(Stored items)
=== Begin Enclosure ===
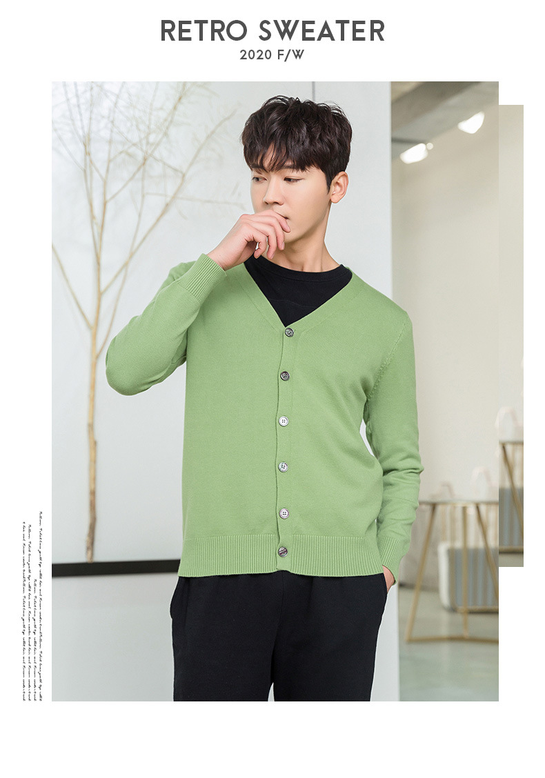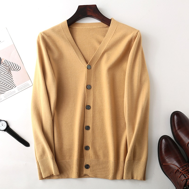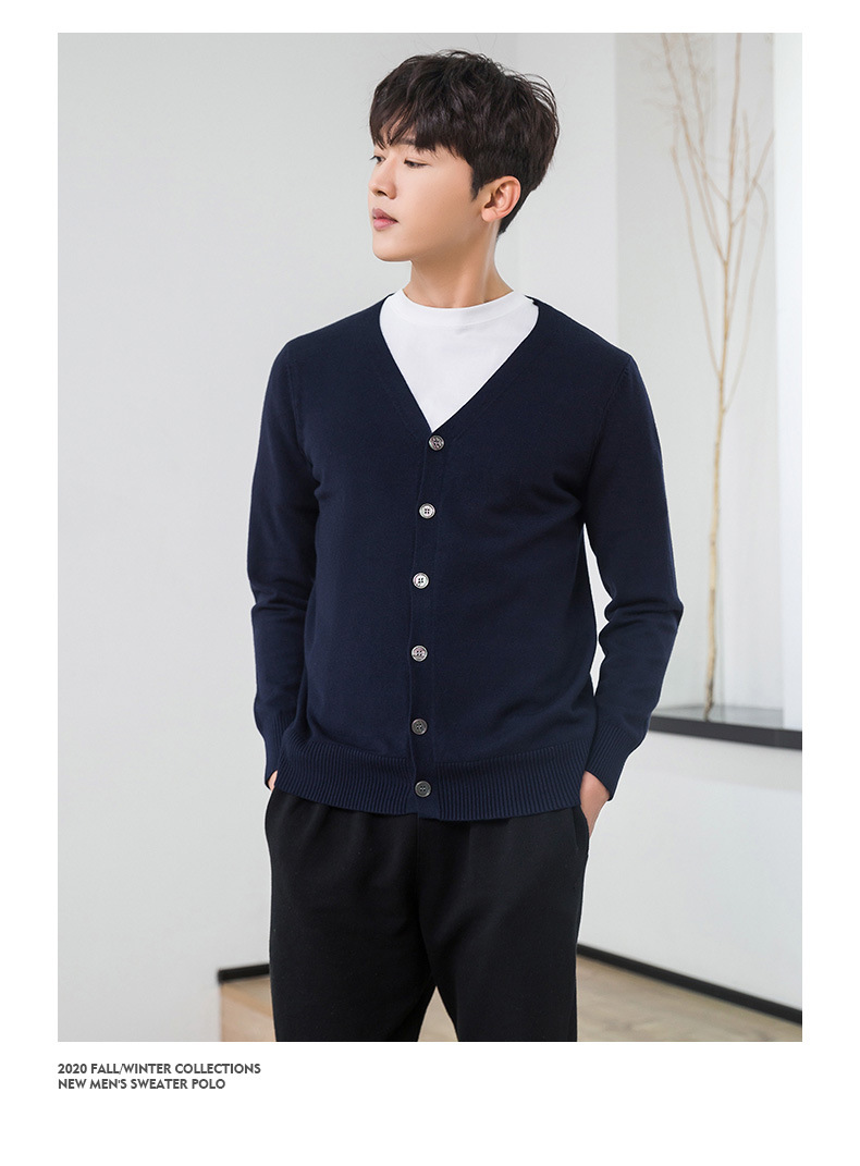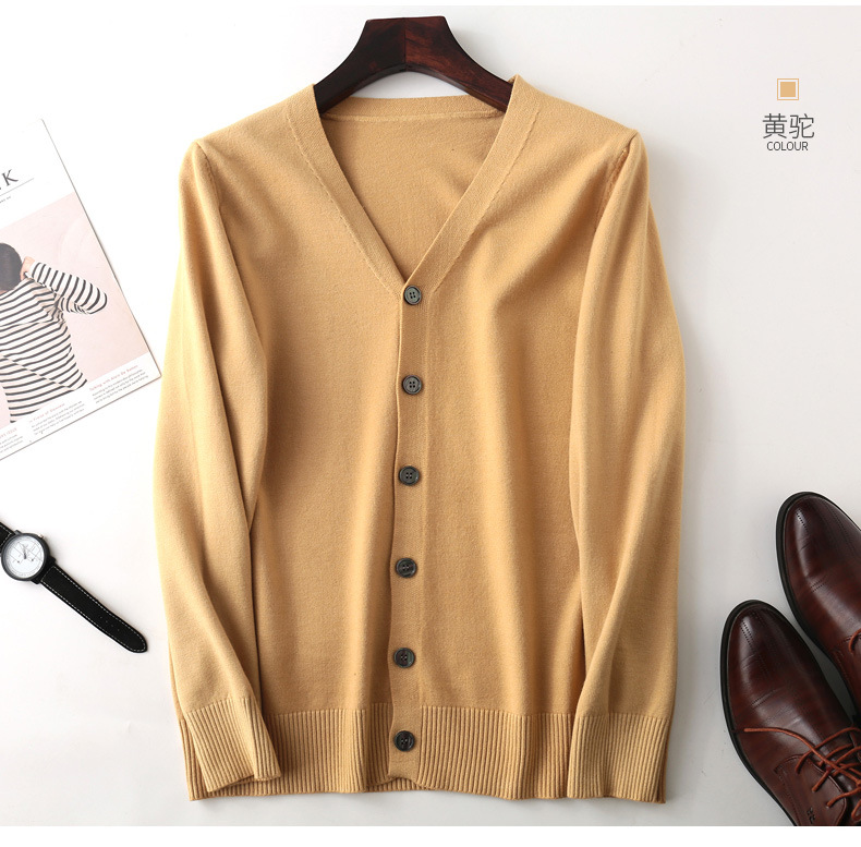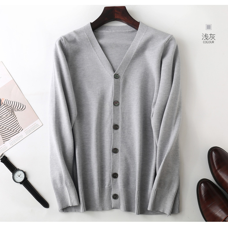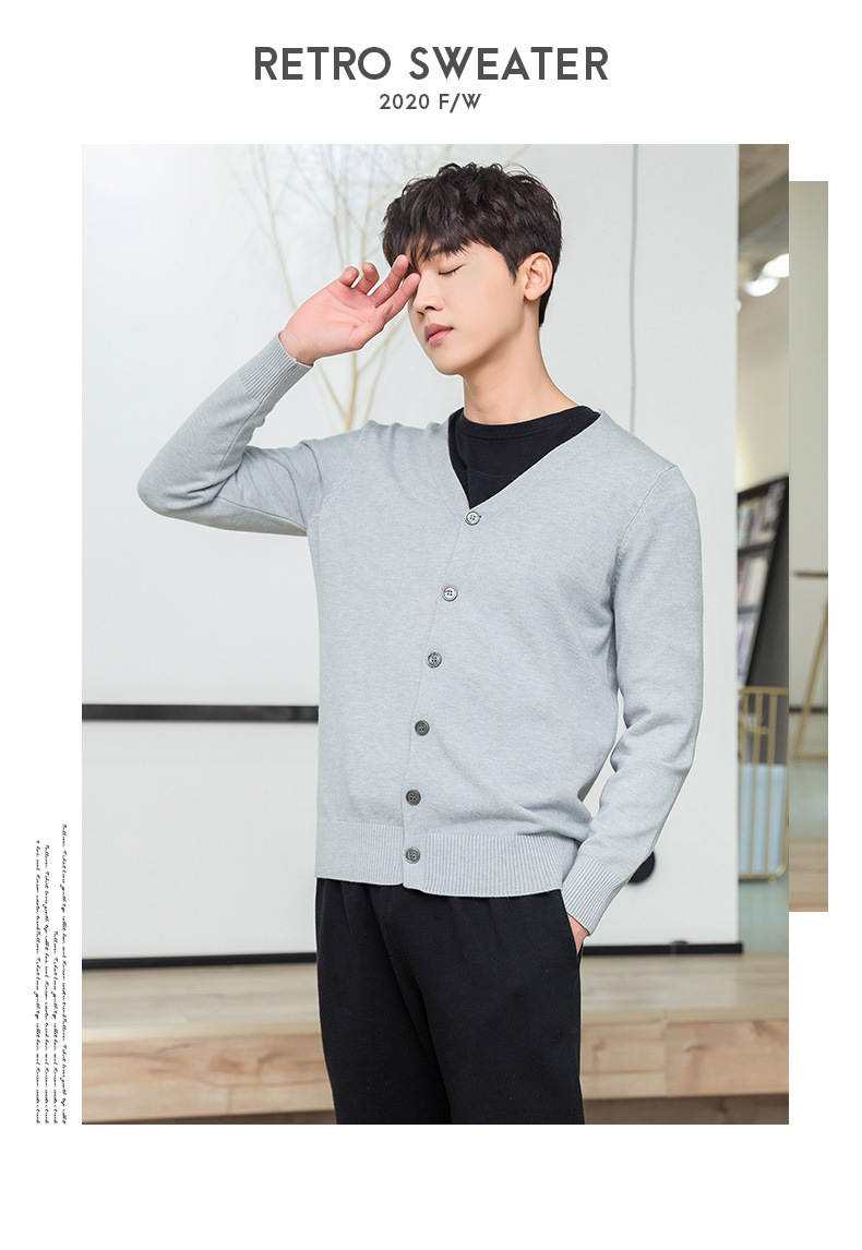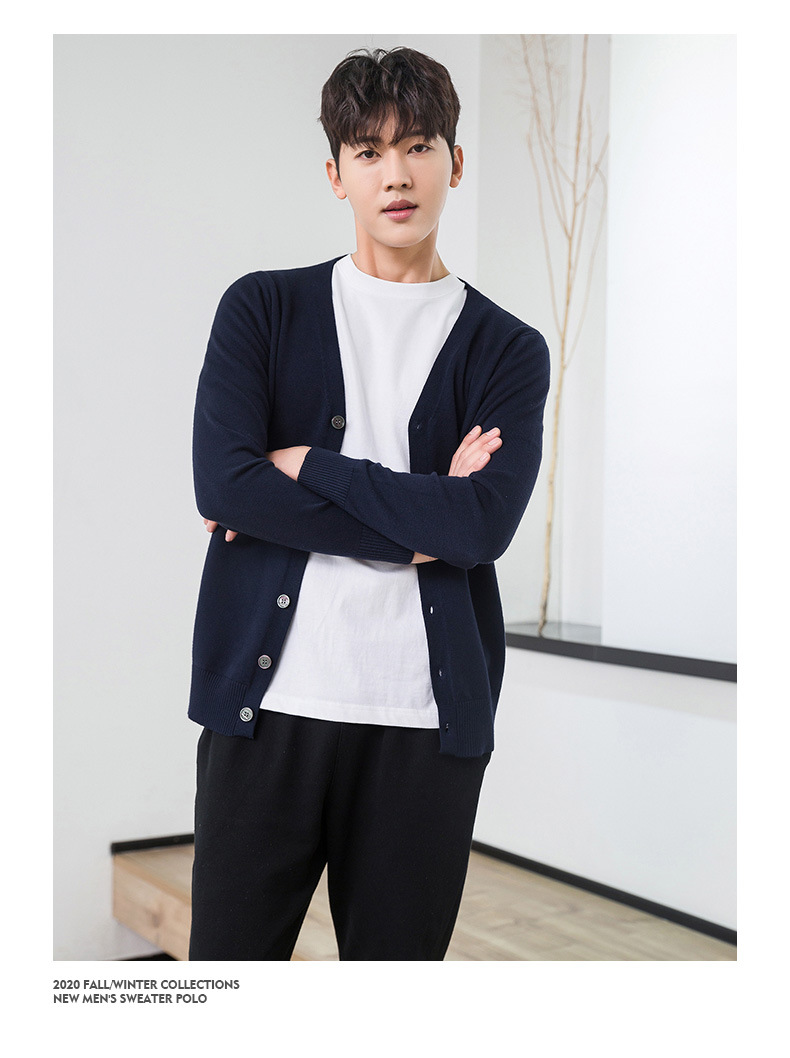 봄과 가을 V 넥 카디건 남성용 양모 스웨터 얇은 느슨한 한국 스타일 캐시미어 스웨터 니트 스웨터 재킷 트렌디 청소년스토어 가기
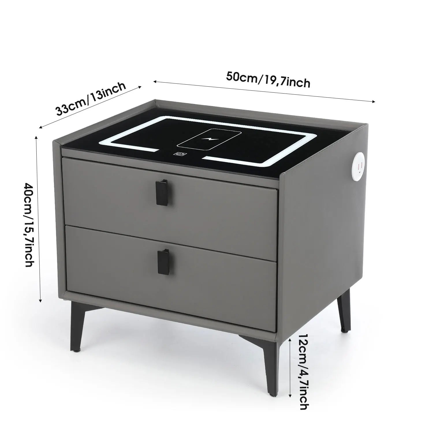 Slimme Nachtkast met Draadloos Opladen – Moderne Design Nachttafel met LED Verlichting & 2 Laden
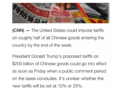 CNN在报道中称,加征10%还是25%,目前尚无定论。根据两家媒体报道,去年美国从中国进口的40%的商品都在此次加征关税之列。
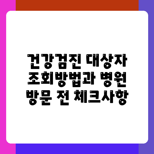 건강검진, 참 중요하죠. 하지만 언제 받아야 하는지, 어떻게 준비해야 하는지 막막하게 느껴지는 분들 많으실 거예요. 저도 처음 건강검진을 받을 때는 뭘 어떻게 해야 할지 몰라서 많이 헤맸던 기억이 나네요. 이 글에서는 건강검진 대상자 확인 방법과 병원 방문 전에 꼭 체크해야 할 사항들을 쉽고 자세하게 알려드릴 테니, 건강검진 준비가 더욱 수월해지실 거예요!
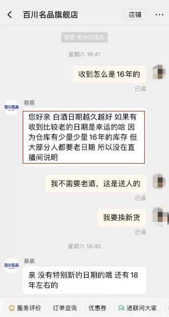 《消费者报道》在黑猫投诉平台检索发现,有消费者称咨询百川名品旗舰店的客服时,客服表示,“白酒日期越久越好,如果有收到比较老的日期是幸运的。”该名客服还称,“因为大部分人都要老日期,所以没在直播间说明”。
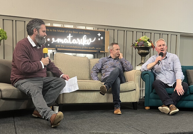John and Wendy Buchanan from Chapel Hill Community Church, Frank Scrimgeour from Hillcrest Chapel, Kemp and Anne Pallesen, who have been involved in all the churches represented, and Jenny and Graham Jacobsen from Northgate Community Church formed a panel to tell the shared history of their churches and the different ways God has moved over the years.
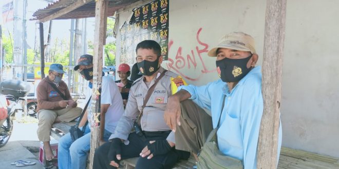 Makassar – Bhabinkamtibmas Tamalanrea Jaya Polsek Tamalanrea Polrestabes Makassar, Bripka Syamsuddin, melaksanakan Sosialisasi Gerakan Ayo Pakai Masker kepada warga binaan, jalan perintis kemerdekaan 4, Tamalanrea Makassar, Selasa (22/9/2020).
=== End Enclosure ===
(PROMPT)
Look back at the data above, then output exactly the lines from the line holding "CNN在报道中称,加征10%" up to and including the line holding "John and Wendy". Leave out the pictures.

(SOLUTION)
 CNN在报道中称,加征10%还是25%,目前尚无定论。根据两家媒体报道,去年美国从中国进口的40%的商品都在此次加征关税之列。
 건강검진, 참 중요하죠. 하지만 언제 받아야 하는지, 어떻게 준비해야 하는지 막막하게 느껴지는 분들 많으실 거예요. 저도 처음 건강검진을 받을 때는 뭘 어떻게 해야 할지 몰라서 많이 헤맸던 기억이 나네요. 이 글에서는 건강검진 대상자 확인 방법과 병원 방문 전에 꼭 체크해야 할 사항들을 쉽고 자세하게 알려드릴 테니, 건강검진 준비가 더욱 수월해지실 거예요!
 《消费者报道》在黑猫投诉平台检索发现,有消费者称咨询百川名品旗舰店的客服时,客服表示,“白酒日期越久越好,如果有收到比较老的日期是幸运的。”该名客服还称,“因为大部分人都要老日期,所以没在直播间说明”。
John and Wendy Buchanan from Chapel Hill Community Church, Frank Scrimgeour from Hillcrest Chapel, Kemp and Anne Pallesen, who have been involved in all the churches represented, and Jenny and Graham Jacobsen from Northgate Community Church formed a panel to tell the shared history of their churches and the different ways God has moved over the years.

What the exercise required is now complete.